I then add information of school characteristics from the Common Core of Data (CCD) for the years of 2020-2021. These school characteristics consist of student/teacher ratio, type of school, among others.

Finally, data from the National Center for Education Statistics was used observing district level data for both children and parents of those school districts. These added predictors help give an even further demographic detailed description of the school districts. This data from the NCES are 5 year estimates observing the years 2015 – 2019.

By observing these 3 separate sources of data collectively it will allow to be able to observe any possible health disparities regarding COVID-19. The data set itself is Bexar County focused, being that all public school districts in Bexar County are observed in this data. As well as all immediate surrounding counties to Bexar are also observed.

For the other school districts in the data a stratified random sample was conducted for the rest of the state of Texas being that random school districts outside of the Bexar county area are selected. While also being sure to include all major metropolitan areas in the state which are Austin, Dallas, El Paso, Houston, and San Antonio; which was captured in the Bexar county analysis.

Analysis

I calculated this student COVID infection rate by dividing the number of confirmed student cases by the total population that is enrolled in that school district, multiplying this number by 1000. By calculating the rate of student COVID cases per school district it allows for easier comparisons across the state of Texas amongst these school districts.

Numerous Pearsons correlations are performed to see among the variables observed which has a statistically significant relationship with COVID infection rates among students.

Finally, I conducte multiple linear regression models with the found key variables from the given correlation matrix. Controlling for any possible interaction effects with the other observed predictors in the analysis.

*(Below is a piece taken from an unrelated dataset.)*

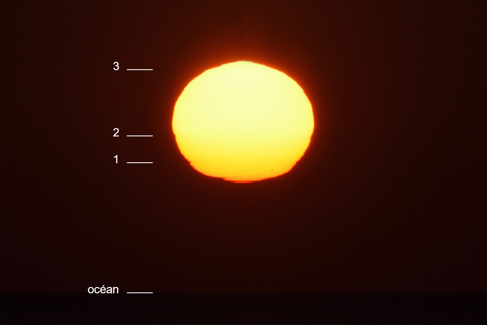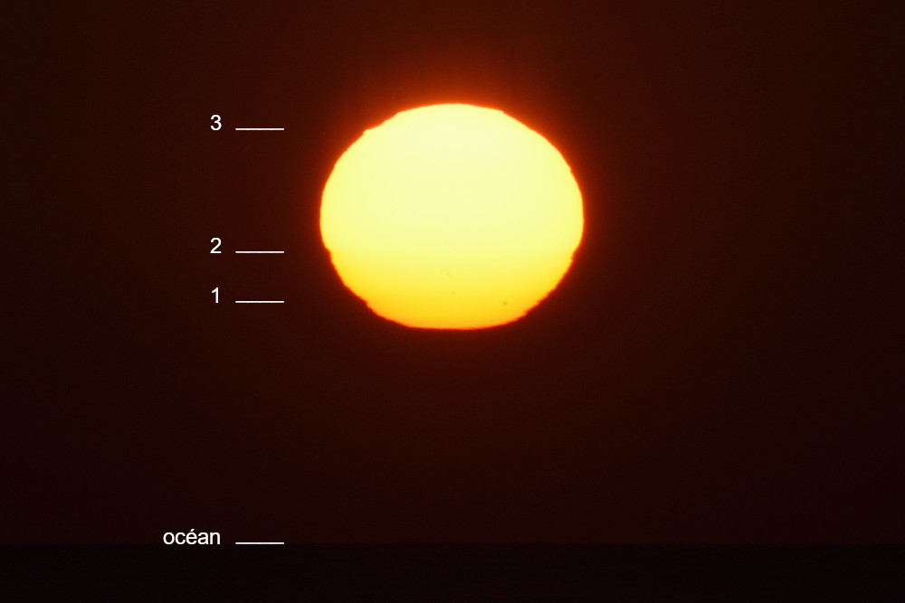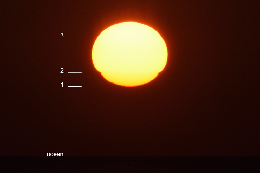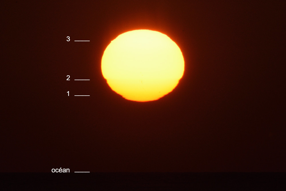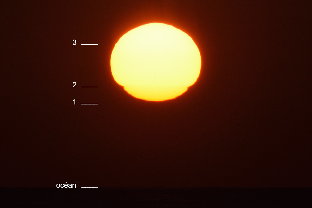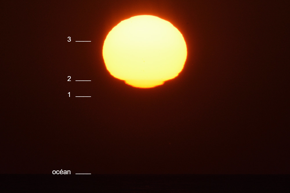 Quand, à une certaine altitude dans l'atmosphère, l'indice de réfraction varie brusquement, il en résulte une perturbation de la régularité du limbe solaire et on observe un contour en "marche d'escalier" comme dans l'image 1.5. C'est aussi le cas des images 4.1 à 4.6 réalisées en avril 2025 à Anglet dans les Pyrénées-Atlantiques, où trois niveaux de variation importante de l'indice de réfraction sont numérotés de 1 à 3 ; le niveau de l'Océan Atlantique est aussi indiqué car il n'est discernable que très faiblement. 53 secondes se sont écoulées entre la première et la dernière image.

The outcome variable for this analysis is the rate of COVID student cases measuring among key predictor variables supported by the literature being:

the percent of the child population that is foreign born, the percent of homes that were built before the year 1970, the percent of children that are not US citizens, the percent of the child population that is non-Hispanic black, the percentage of the child population that is American Indian/Alaskan, the percentage of renters that pay a monthly rent of less than $1000, the percentage of the child population that is non-Hispanic white, the percentage of workers currently in the labor force who do not have health insurance, the percentage of the parents who are 25 years of age and older who did not finish high school, and median earnings for workers.

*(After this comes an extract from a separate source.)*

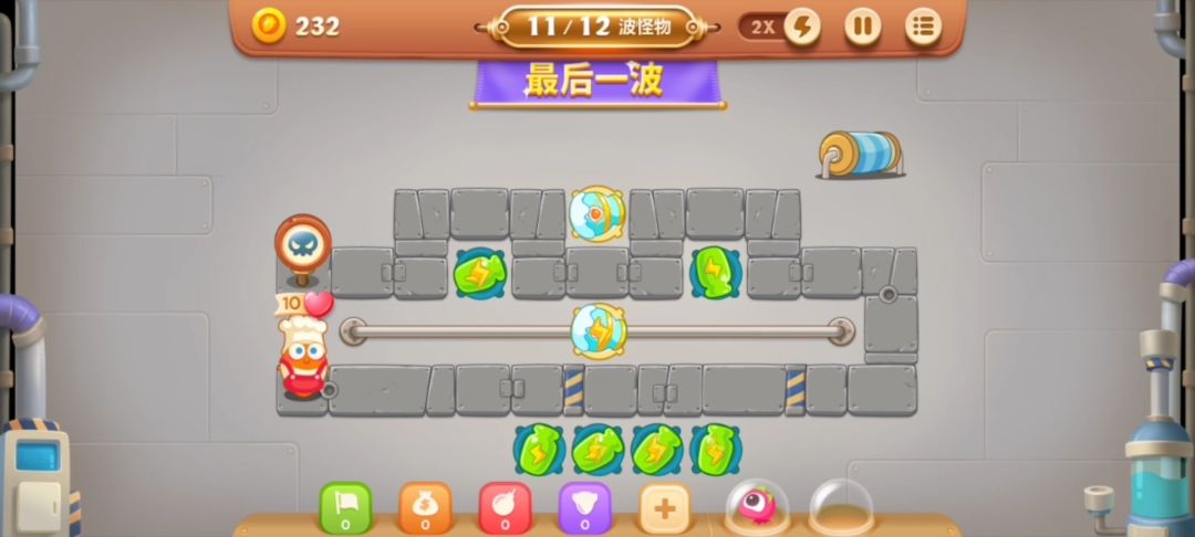 1、第一步:开局放一个瓶子和魔法球开始清理道具,第4波一定要把两排道具清理出来,期间有钱了就暂停升级炮塔。 2、第二步:两排道具全部满级之后就如下图在上面一排放5个大便。 3、第三步:之后有钱了就继续在下面一排放魔法球,就可以通关了。 原帖

These various demographic & socio-economic measures will be observed to find any associations with the rate of COVID cases amongst students per school district throughout the state of Texas from August 2, 2021 - March 13, 2022.

Variable Recode

Code
TXCOVID2<- TXCOVIDSCHOOLS %>%

mutate(
COVIDrateStudents=(Total.Student.Cases/Total.District.Enrollment.as.of.SeptemBer.29..2021)*1000, #COVID.Student.District.infection.rate.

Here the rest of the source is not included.